━━━━━ DATA BELOW

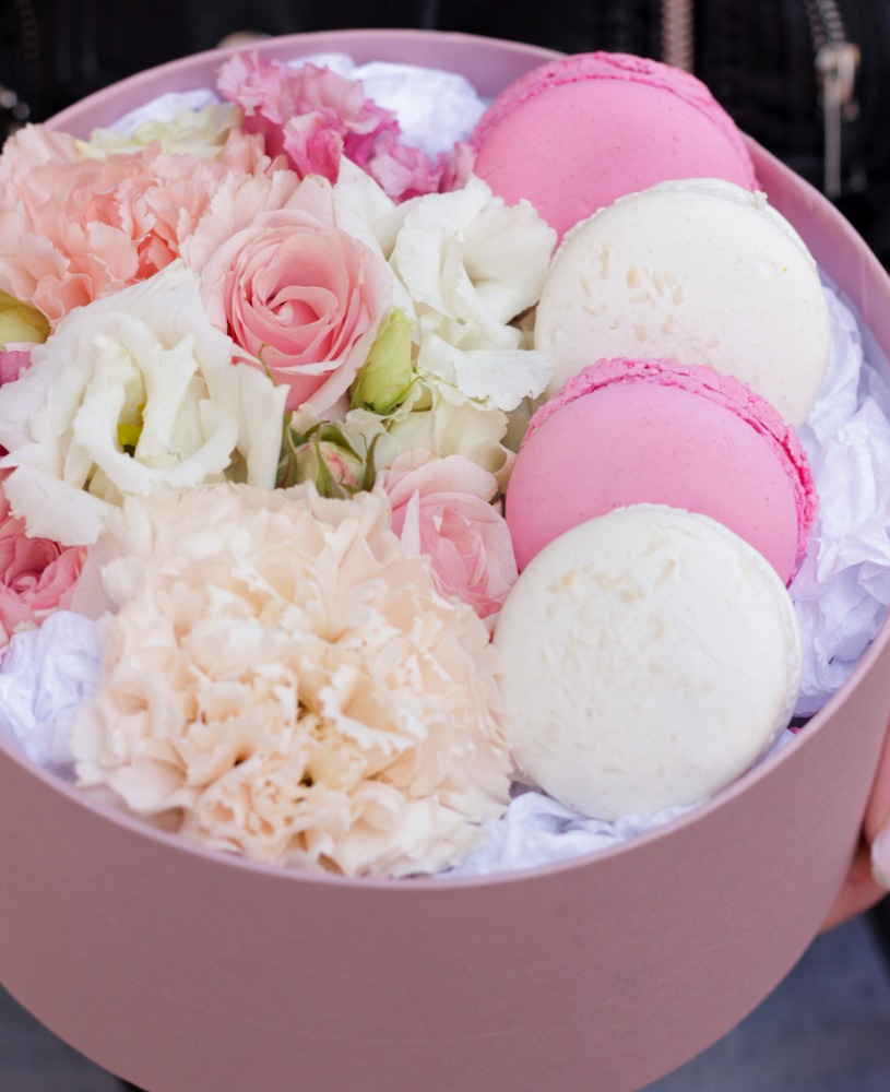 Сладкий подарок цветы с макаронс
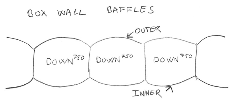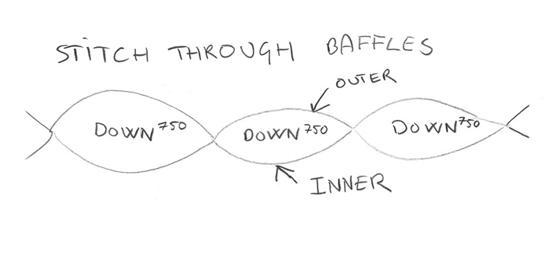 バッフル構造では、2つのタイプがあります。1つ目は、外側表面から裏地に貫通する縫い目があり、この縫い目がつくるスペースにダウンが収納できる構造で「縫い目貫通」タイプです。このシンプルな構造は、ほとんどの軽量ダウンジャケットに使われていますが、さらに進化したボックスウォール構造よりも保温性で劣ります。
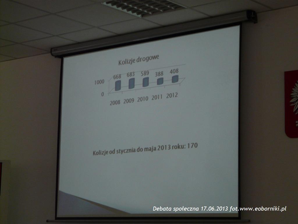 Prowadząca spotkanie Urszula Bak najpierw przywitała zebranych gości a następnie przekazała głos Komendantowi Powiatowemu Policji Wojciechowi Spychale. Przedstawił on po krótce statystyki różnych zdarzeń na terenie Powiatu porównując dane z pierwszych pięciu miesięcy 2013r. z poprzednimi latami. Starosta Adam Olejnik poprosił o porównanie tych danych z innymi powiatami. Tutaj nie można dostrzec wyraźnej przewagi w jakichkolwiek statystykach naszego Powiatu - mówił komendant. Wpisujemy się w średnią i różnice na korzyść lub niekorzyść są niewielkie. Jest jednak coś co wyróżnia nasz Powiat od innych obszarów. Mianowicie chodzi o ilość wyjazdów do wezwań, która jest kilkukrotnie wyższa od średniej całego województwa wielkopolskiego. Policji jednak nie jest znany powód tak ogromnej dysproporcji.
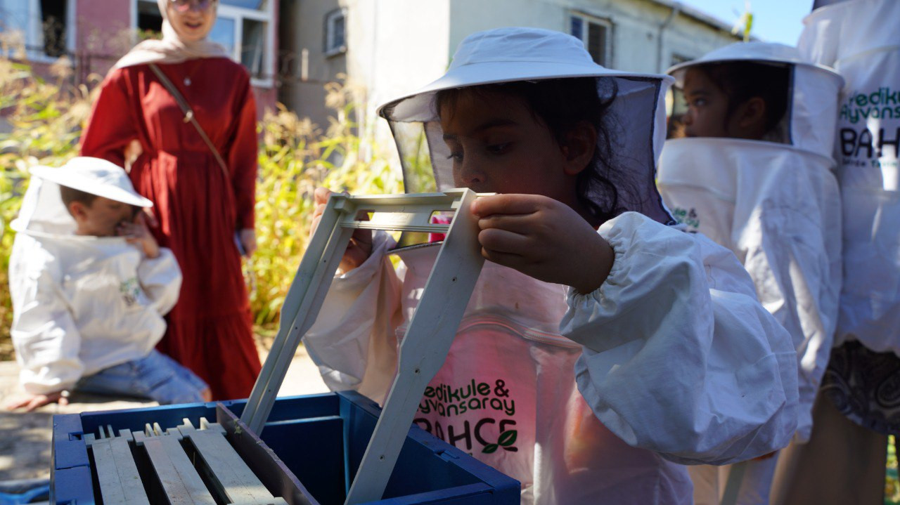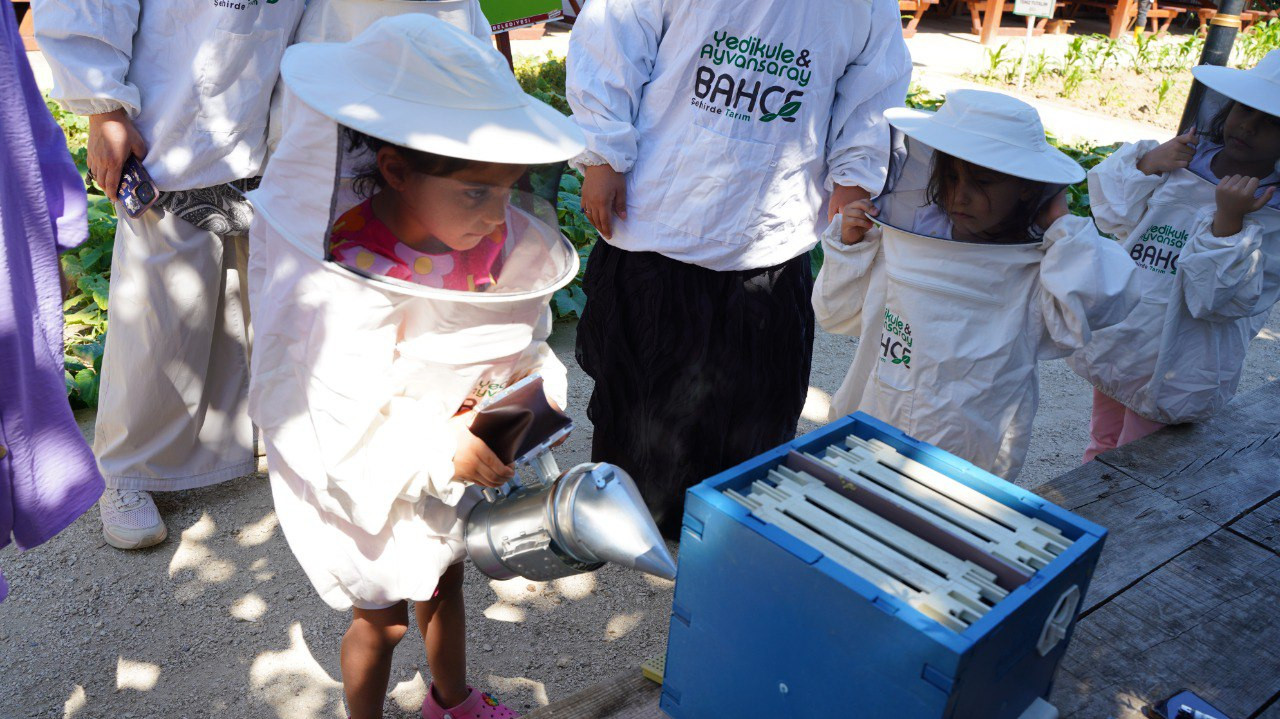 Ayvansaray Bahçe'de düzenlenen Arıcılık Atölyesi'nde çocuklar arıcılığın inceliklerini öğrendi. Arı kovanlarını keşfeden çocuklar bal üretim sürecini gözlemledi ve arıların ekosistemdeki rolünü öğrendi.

━━━━━━━━━━

(ACTION ITEM):
The exact lines from the one containing "バッフル構造では、2つのタイ" through the end of the data are to be copied, with both ends kept and pictures left out.

(ANSWER TO THIS PROBLEM):
 バッフル構造では、2つのタイプがあります。1つ目は、外側表面から裏地に貫通する縫い目があり、この縫い目がつくるスペースにダウンが収納できる構造で「縫い目貫通」タイプです。このシンプルな構造は、ほとんどの軽量ダウンジャケットに使われていますが、さらに進化したボックスウォール構造よりも保温性で劣ります。
 Prowadząca spotkanie Urszula Bak najpierw przywitała zebranych gości a następnie przekazała głos Komendantowi Powiatowemu Policji Wojciechowi Spychale. Przedstawił on po krótce statystyki różnych zdarzeń na terenie Powiatu porównując dane z pierwszych pięciu miesięcy 2013r. z poprzednimi latami. Starosta Adam Olejnik poprosił o porównanie tych danych z innymi powiatami. Tutaj nie można dostrzec wyraźnej przewagi w jakichkolwiek statystykach naszego Powiatu - mówił komendant. Wpisujemy się w średnią i różnice na korzyść lub niekorzyść są niewielkie. Jest jednak coś co wyróżnia nasz Powiat od innych obszarów. Mianowicie chodzi o ilość wyjazdów do wezwań, która jest kilkukrotnie wyższa od średniej całego województwa wielkopolskiego. Policji jednak nie jest znany powód tak ogromnej dysproporcji.
 Ayvansaray Bahçe'de düzenlenen Arıcılık Atölyesi'nde çocuklar arıcılığın inceliklerini öğrendi. Arı kovanlarını keşfeden çocuklar bal üretim sürecini gözlemledi ve arıların ekosistemdeki rolünü öğrendi.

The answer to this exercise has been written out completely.